Reactant-induced and particle size-dependent effects of restructuring in heterogeneous catalysis

Some fundamental concepts of heterogeneous catalysis are as of yet not fully explained, yet are of paramount importance in the chemical industry. An example is the concept of structure insensitivity (of which a classical illustration is olefin hydrogenation), which is defined as when the surface-normalized activity of a reaction does not change with catalyst metal particle size [1]. In this work we explore the concept of structure insensitivity and its relation to surface reconstruction in a non-model study on a range of well-defined silica-supported Ni nanoparticular catalysts [2]. By use of state-of-the-art operando micro- and spectroscopic methods, the role of surface restructuring becomes clear in what we term apparently structure insensitive reactions. Furthermore, we show that the reversibility of adsorbate-induced restructuring by ethene decreases with particle size, and that larger particles have a higher C diffusion coefficient. By introducing these new spectroscopic techniques and data analysis methods, and linking them to non-model systems at work, we open up the discussion to several fundamental concepts in heterogeneous catalysts, which may help us to design new or improved solid catalysts for various reactions.

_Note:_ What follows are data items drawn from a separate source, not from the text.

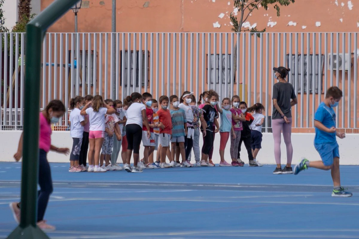 Alumnos del colegio Raimundo Lulio en Camas (Sevilla), usan mascarilla en exterior durante una clase de Educación Física.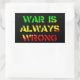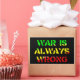 War Is Always Wrong stenciled in green, yellow, and red on black.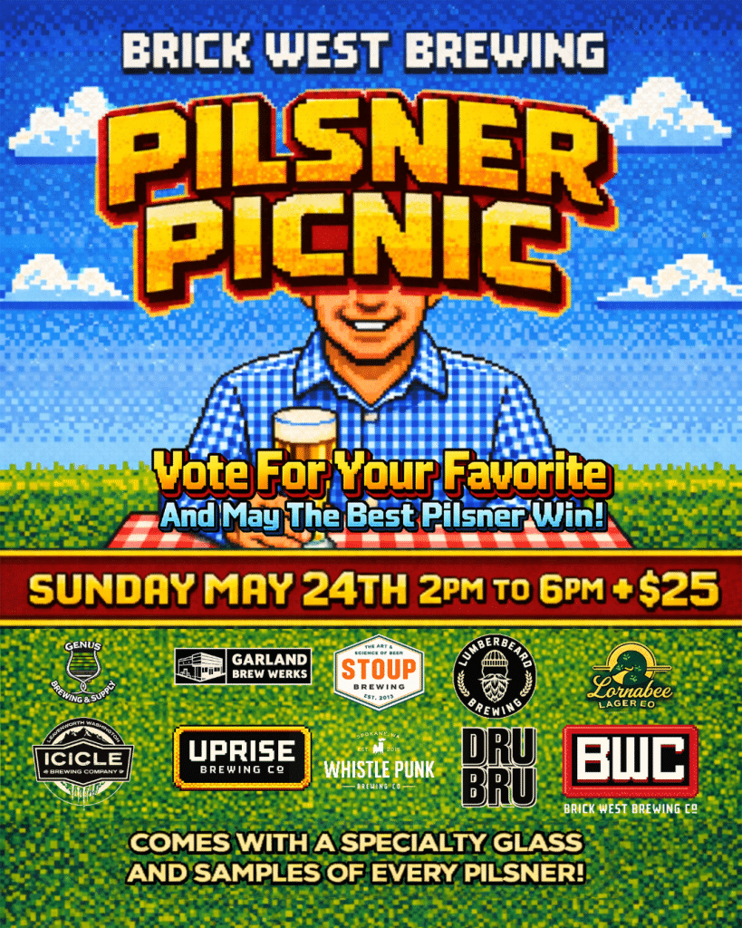 Join us for the 4th Annual Pilsner Picnic at Brick West Brewing on Sunday, May 24 from 2–6PM on the patio.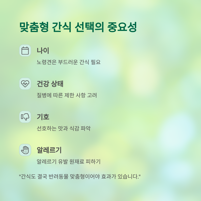 다이어트를 위한 간식을 고를 때, 반려동물의 나이, 건강 상태, 기호를 충분히 고려해야 합니다. 노령견은 치아 상태가 약해 부드러운 간식이 필요하며, 알레르기 유무에 따라 특정 원재료는 피해야 합니다.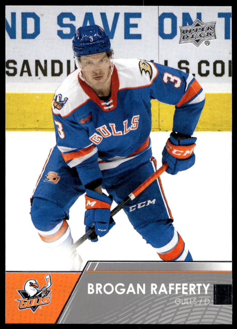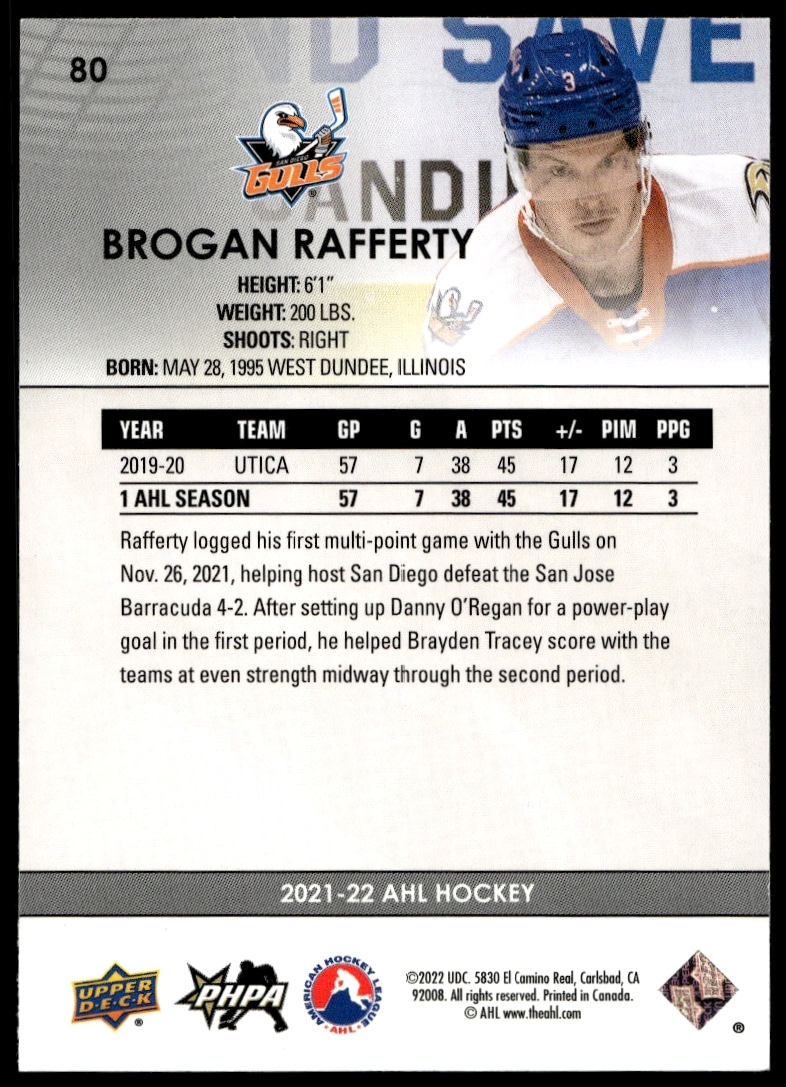 This Hockey card, from 2021 is part of the Upper Deck AHL card set. Brogan Rafferty is featured and has a card number of 80.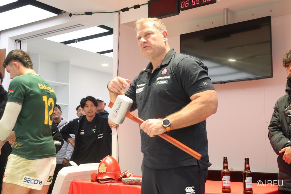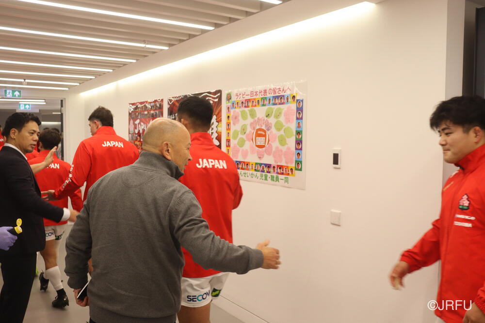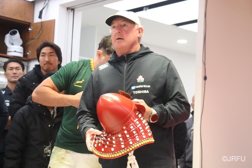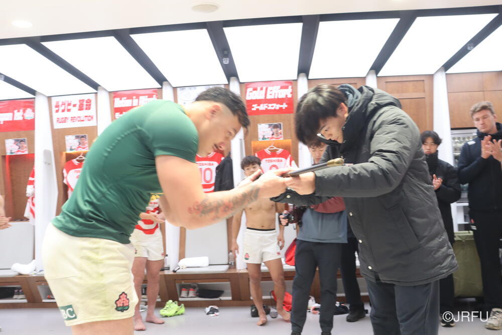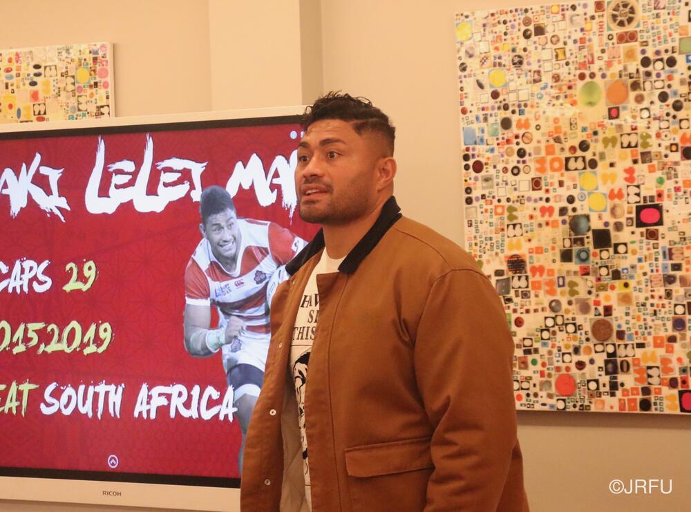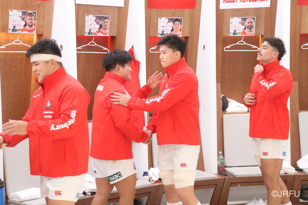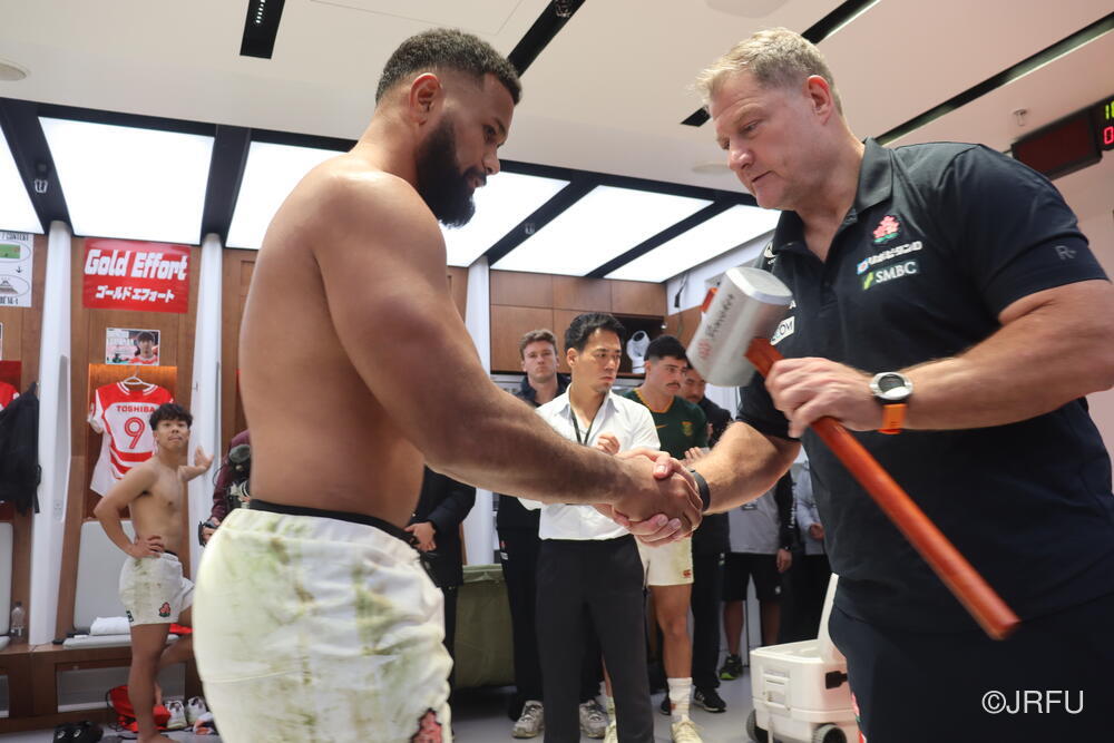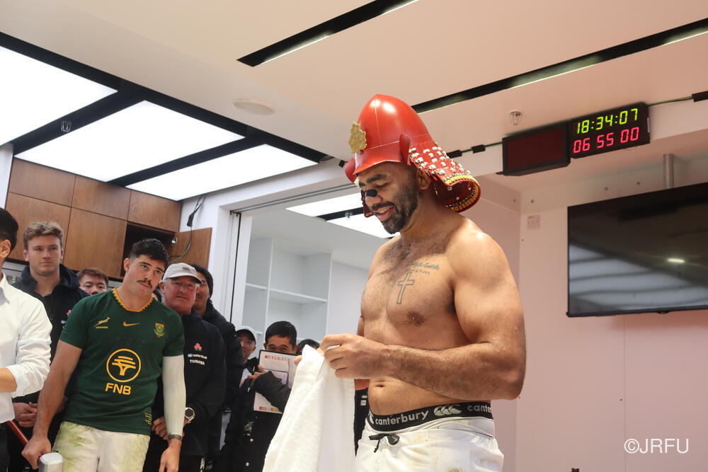 「今ここにいられて光栄です。10年前は、みんなと同じようにこのジャージを受け取って、同じような緊張感を持っていました。世界の強豪と対決するということで、南アフリカと対戦するときに、チームの外では無理じゃないかと思われていましたが、チーム内では自分たちのやってきた準備を信じていたし、JAPANは勝てると信じていました。明日は同じようなチャンスがあります。世間はそう思っていないかもしれないけれど、自分たちはできる。誰がどう思おうが、大事なのは自分自身がどう思っているか。明日出たら、自分自身を代表するだけではなく、このジャージを着てきた人たちの思いや責任も果たさないといけない。信じてくれているファン、そして日本でラグビー選手になりたいと夢を持っている子供達のために。頑張ってください!」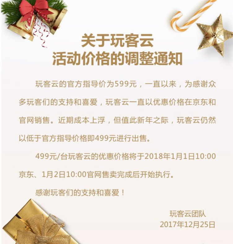 IT之家消息,12月25日消息,迅雷玩客云发布关于玩客云活动价格的调整通知,官方表示,玩客云的官方指导价为599元,近期成本上浮,499元/台玩客云的优惠价格将于2018年1月1日10:00京东、1月2日10:00官网售卖完成后开始执行。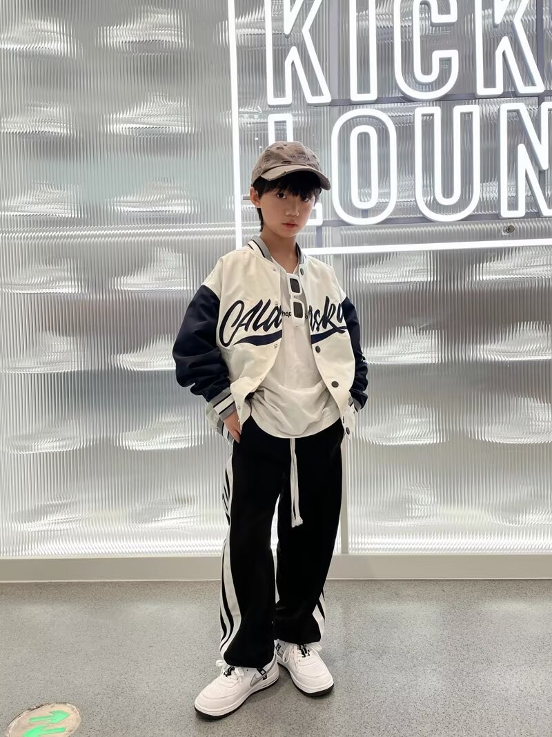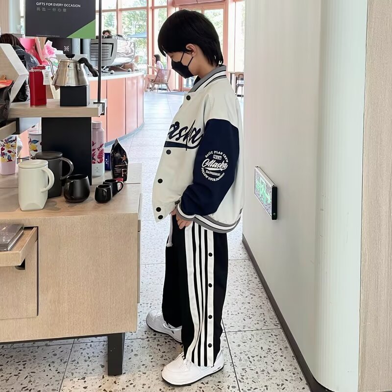 긴바지 하라주쿠 아동복 남아 스포츠 바지 풀버튼 바지 농구 바지 캐주얼 2025년 여름 일반 트렌드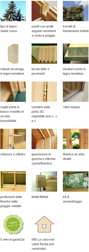 Tipo di porte : In legno abete rosso nordico lammellare doppio 3-9-3 mm - rivestita in acciao inossidabile - Chiusura a cilindro; Tipo di finestra : in legno massiccio abete ad anta ribalta, sistema 2-mani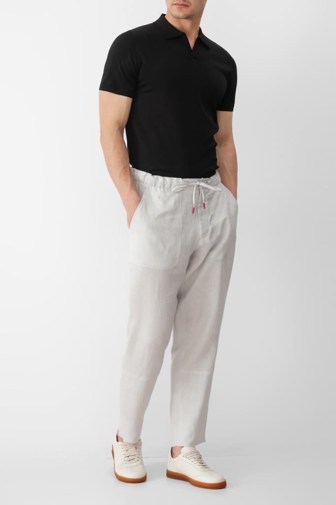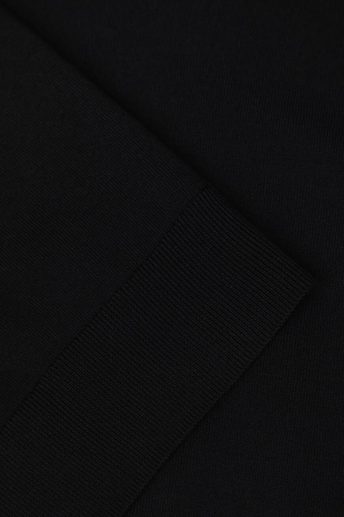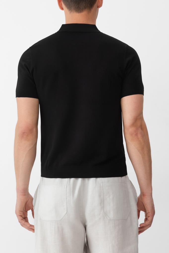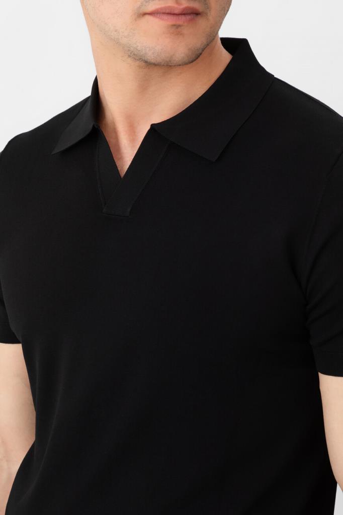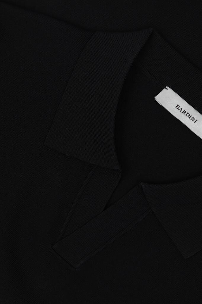 Чёрное поло Bardini с короткими рукавами. Изделие выполнено из прочного нейлона и вискозного волокна без знакового декора Дома. Отличительной деталью является изящный V-образный вырез горловины, обрамлённый резинкой. Модель без застёжки станет частью образа с брюками с четырьмя крупными накладными карманами, выполненными в стиле рабочей униформы.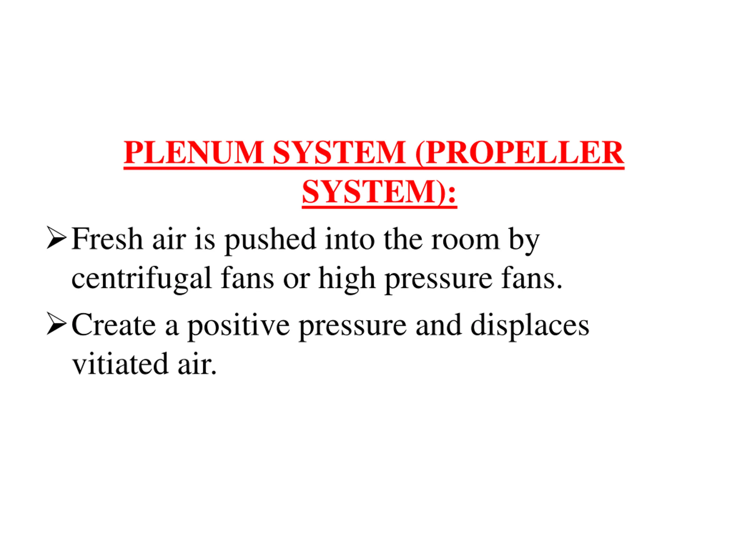 PLENUM SYSTEM (PROPELLER SYSTEM): Fresh air is pushed into the room by centrifugal fans or high pressure fans. Create a positive pressure and displaces vitiated air.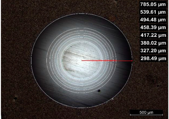 The depths of the fretting marks were measured using a Stylus Profilometer Dektak XT (Bruker), which features a stylus head with nanometric resolution. Since the applied coatings were in the micron range, the depth measurements of the marks were sufficient. The results fall within the accuracy limits of the system, and all the measurements taken are valid. Measurements were recorded from the surface level of the specimen (0 point), with negative values indicating depth. A potential positive value suggests material deposition in the areas of the fretting mark.
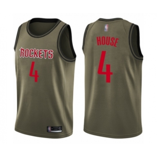 >Men's Houston Rockets #4 Danuel House Swingman Green Salute to Service Basketball Jersey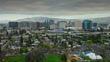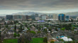 Aerial establishing shot of Junipero Serra and Guadalupe freeway interchange overlooking Market - Almaden, a neighborhood in San Jose, Santa Clara County, California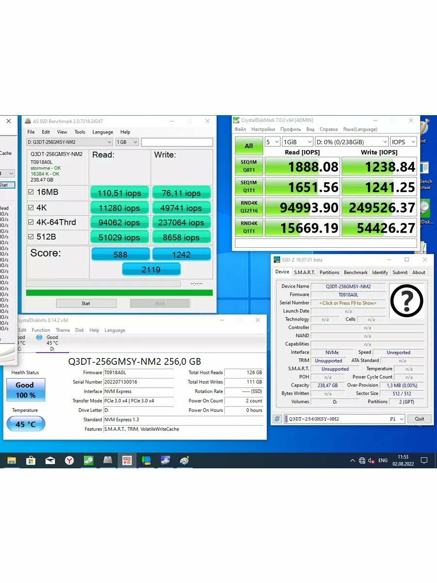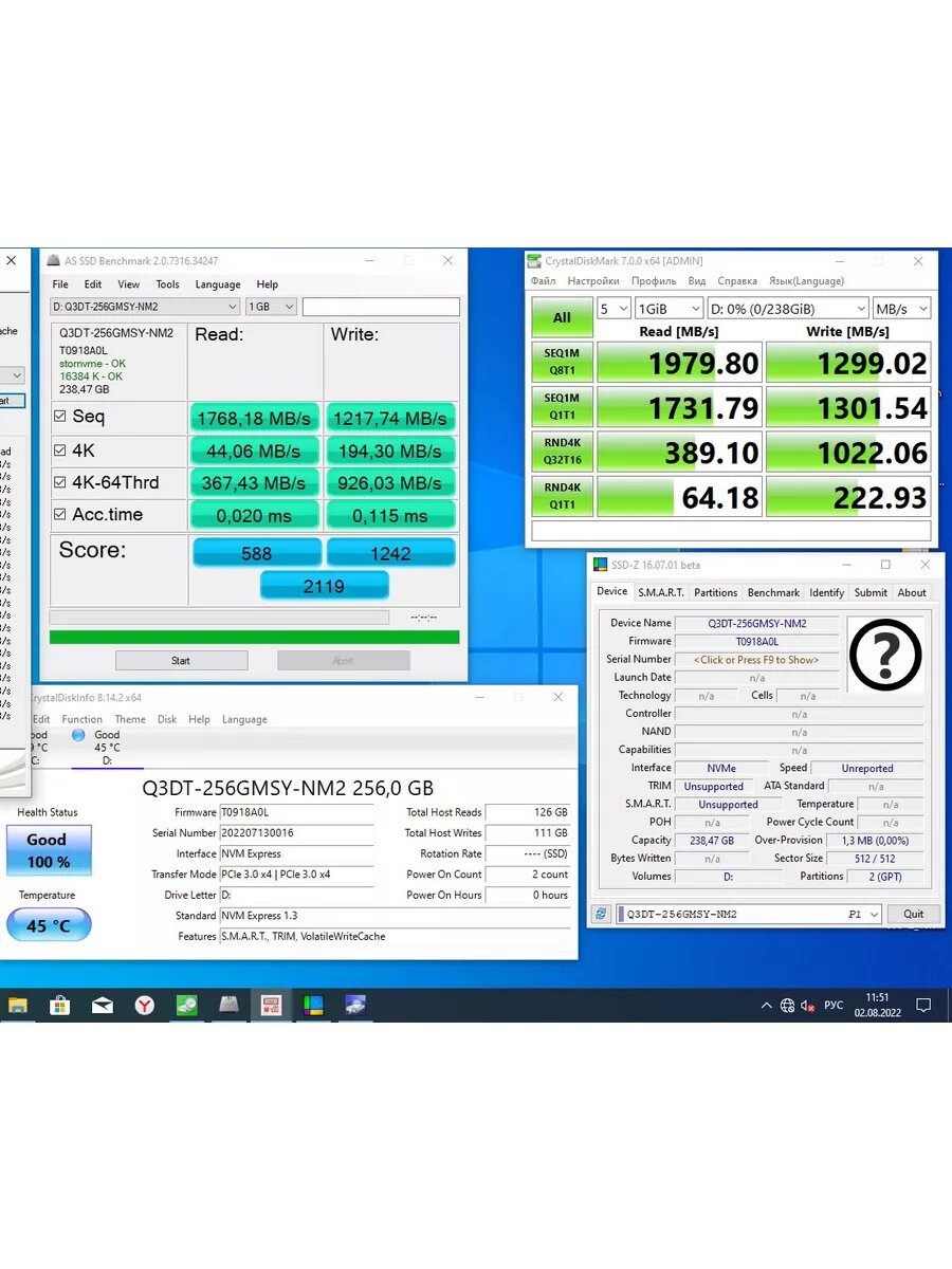 | Суммарное число записываемых байтов (TBW) | 400 ТБ |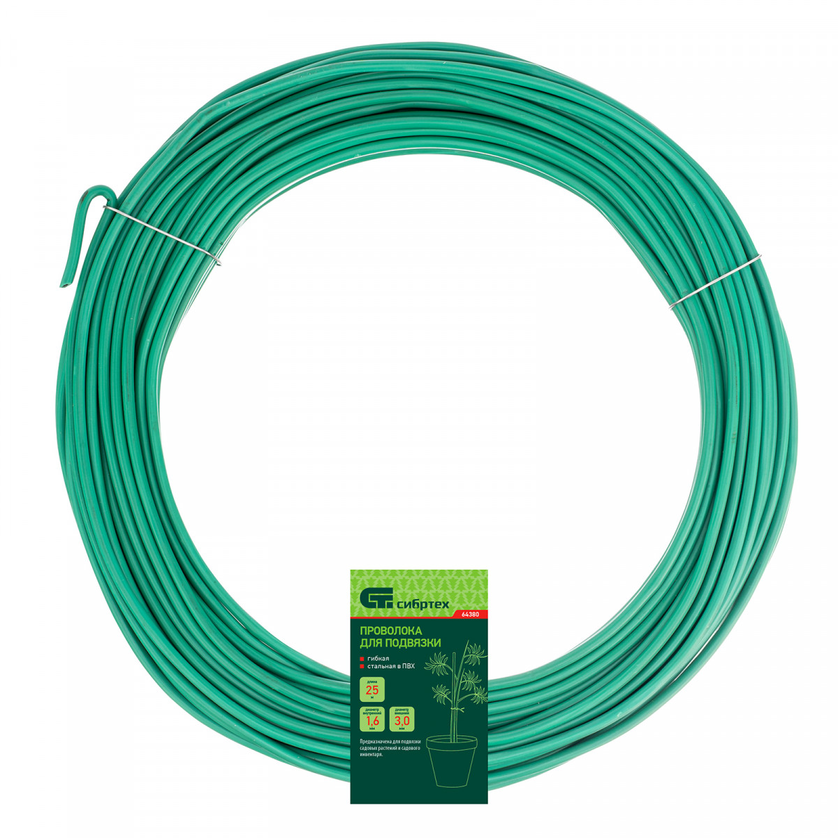 Проволока для подвязки, стальная в ПВХ (зеленый) 25 м, внутр. 1.6 мм / внеш. 3 мм Сибртех

Figure 1: a) The change in Debye-Waller factor against time obtained from individual fits of 70.000 quick-XAS spectra per experiment. b) Turnover frequencies and c) operando FT-IR spectroscopy of CO₂ hydrogenation before, and after surface modification. d) in-situ STEM image of Ni nanoparticle at 400 °C, in 1 bar of ethylene.

References

[1] Somorjai, G. A.; Catal. Lett. 7, 169–182 (1990).

[2] Vogt, C., Groeneveld, E., Monai, M., Ferri, D., Nachtegaal, M., Unocic, R., van Santen, R. A., Frenkel, A., Meirer, F., Weckhuysen, B. M.; Manuscript in Preparation.